Introduction to microcontroller#
What is a microcontroller ?#
During these two courses, we learned electronic prototyping using an Arduino microcontroller. Microcontrollers are small relatively cheap computers built on a single integrated circuit. They contain one or more CPUs, memory and programmable input/output peripherals. In contrast to microcomputers, they do not contain any operating system which makes them highly more reactive but restrict them to relatively simple tasks.
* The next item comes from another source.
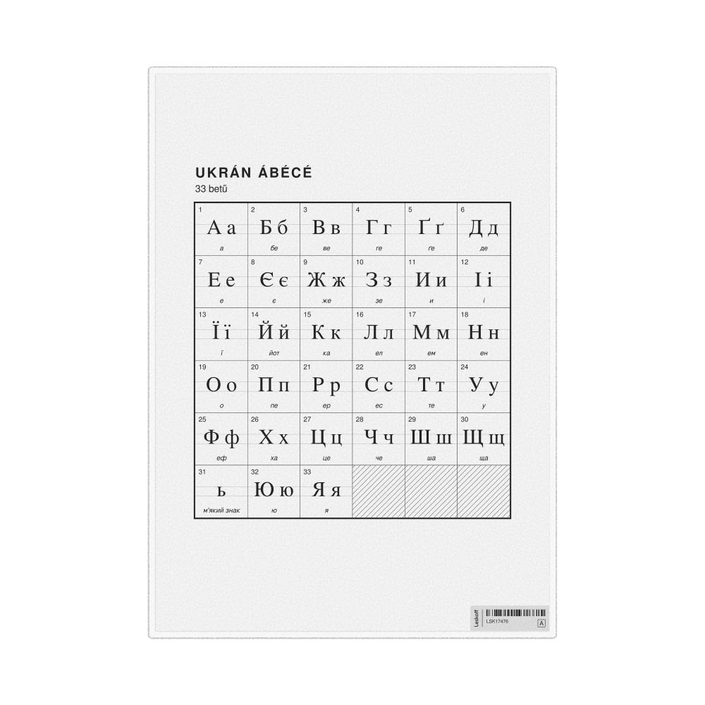 The Ukrainian alphabet chart (the full set of letters) labeled in Hungarian (Ukrán ábécé) in the 8.3 x 11.7 in (21.0 x 29.7 cm, desk chart, laminated) format.
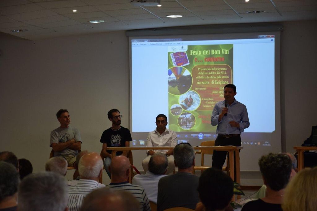 Per presentare il programma della 65^ edizione della Festa del Bon Vin, l'offerta turistica, le attività sportive e ricreative e le strutture ricettive del Comune di Farigliano sono intervenuti il Sindaco di Farigliano Geom. Mirco Spinardi, il Consigliere Comunale con delega al Turismo e Promozione Gerardo Logrippo, Miki Gramaglia dell'A.S.D. KE Rafting di Demonte (Valle Stura), Stefano Marchetti dell'A.S.D. Cascina Galli di Farigliano, Gianfranco Orlando del Balloon Team Italia e il Consigliere Comunale con delega allo Sport Danilo Mancardi.

The Arduino microcontroller we used is the Ardunio UNO model and looks like this :
As represented on the picture, the board contains input and output peripherals. In order to plug the input and output devices and to organize them correctly, we used a breadboard. Here is a picture of an RGB led plugged to an Arduino UNO through a breadboard :
As you can see on this simple example, resitances are plugged on the breadboard between the Arduino and the LED and a black wire is connected to the ground. If you didn’t catch anything from the last sentence, don’t worry. We will do a quick recap of the electrical theory and gently go back to the Arduino.
Electrical theory#
Electrical current and electrical circuit#
Electrical current is the source of energy used in every electrical devices. Physically, it corresponds to the motion of small electrical charges most of the time through wires. More precisely, the current is defined as the amount of charges travelling per second and its unit is called Ampere (A).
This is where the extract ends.